SPS is insidious and utterly debilitating. I use a rollator, a wheelchair, and, for the most part, I am homebound. This rare neuromuscular disease is too often ignored, neglected, not talked about. I’ve had to educate all of my doctors all about SPS, and mejo at my fingertips made it so much easier and less stressful for me.

I admire and adore relentless rare disease parents who sacrifice anything and battle endlessly to save their children’s lives, abilities, to bring them relief, treatments, the reality of cures. I fight alongside these extraordinary parents and advocate for all rare disease patients, no matter our ages. 

I discovered early in life that I had to fight for myself and for all rare disease patients with all of my might. Otherwise, no rare medical research, knowledge, treatments or cures would be or will be available to us. Neither would any compassion.

I discovered how less isolated I felt when I got to know other rare disease patients and parents. We all need mutual compassion, care and consideration. We achieve help and medical treatment for all of us who suffer ongoing testing, procedures, surgeries, experimental treatments – the harm of uncaring doctors, the joy of knowledgeable, kind doctors. 

Our unity is truly our most potent force for ultimate healing, for demanding not only the medical community’s attention, but also the attention of the general public, of our friends, of our families. Adults like me who endure rare disease were once rare disease babies. 

Many of us know what it is like to be medically neglected, brushed off, misdiagnosed, even abandoned by those who once promised to be closest to you. We fight alongside rare disease parent advocates with our lives of knowledge, experience and advocacy work on behalf of the entire community.

We lose exceptional adult rare disease warriors who were ill since childhood as they pass away. We all know they and our children deserve infinitely better. Thanks to the ingenuity of mejo, our medical attention and understanding of our medical needs is possible in such a patient-centric, user friendly way!

Our greatest successes, breakthroughs in rare disease medical attention, manifested thanks to the mutual kindness and the labor of love of advocacy between parents who fight for their children with rare disease, rare disease patients and rare disease specialists. Thanks to parent advocate inventions like mejo, a well-honed communication tool encourages the best help and provider relationships!

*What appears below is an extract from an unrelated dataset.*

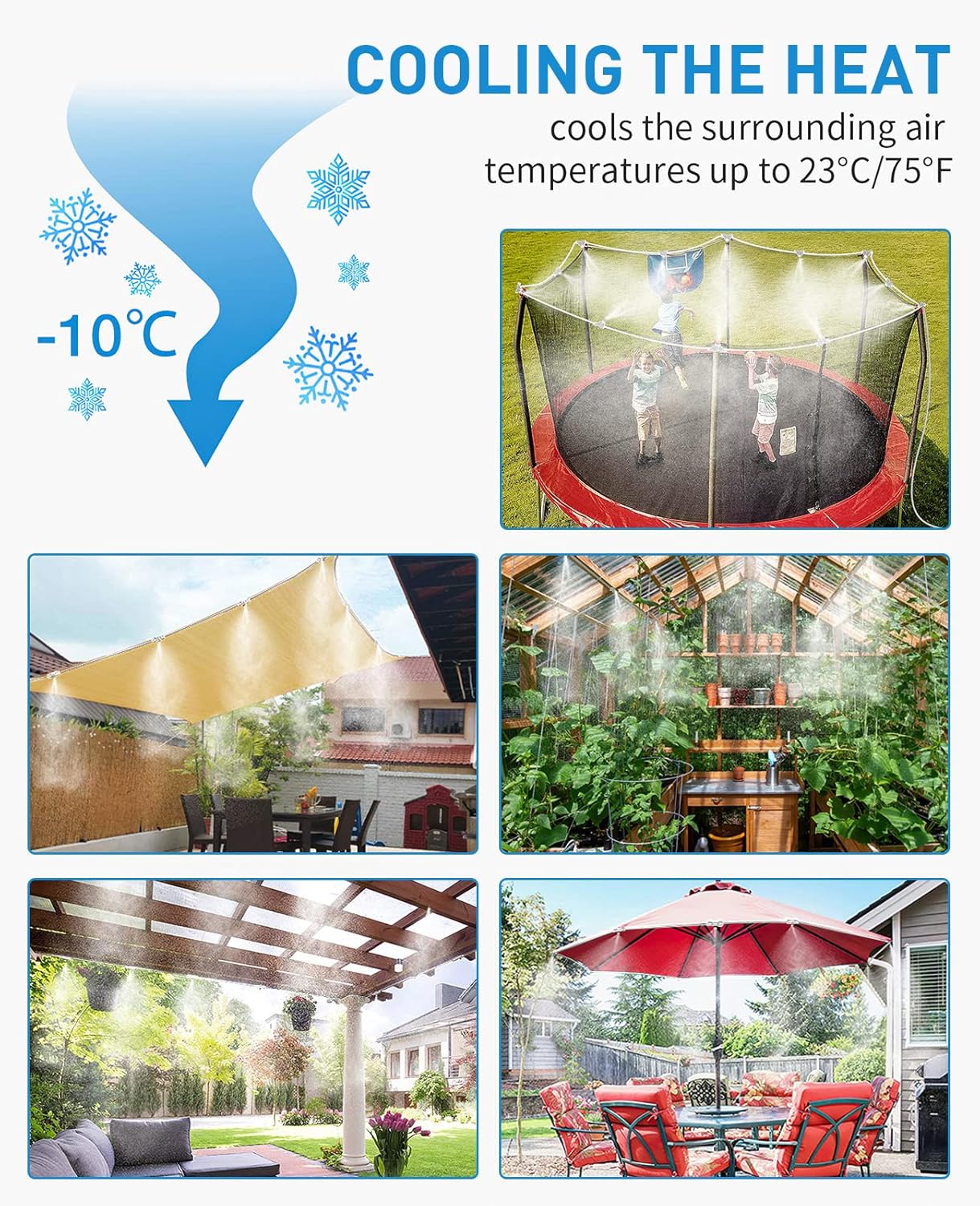 - Wide Application: Misting Cooling Systems widely apply to greenhouse, garden, trampoline, umbrella, livestock, chicken coop and many outside areas

We amplify the astonishing courage we all carry and exhibit every day. Mejo soothes and abates the fear we face in the grip of rare disease when we maintain our friendships, our strengths and our networks. I feel so fortunate to utilize vital technologies like mejo! Mejo empowers all rare patient warriors who fight on within the complexity of medical care all over the country! 

Angela Davis

After 23 years of fighting for a rare disease diagnosis, Angela was diagnosed with a rare variation of Stiff Person Syndrome. Her work has been featured by Global Genes, NORD, Patient Worthy, and the House of Representatives.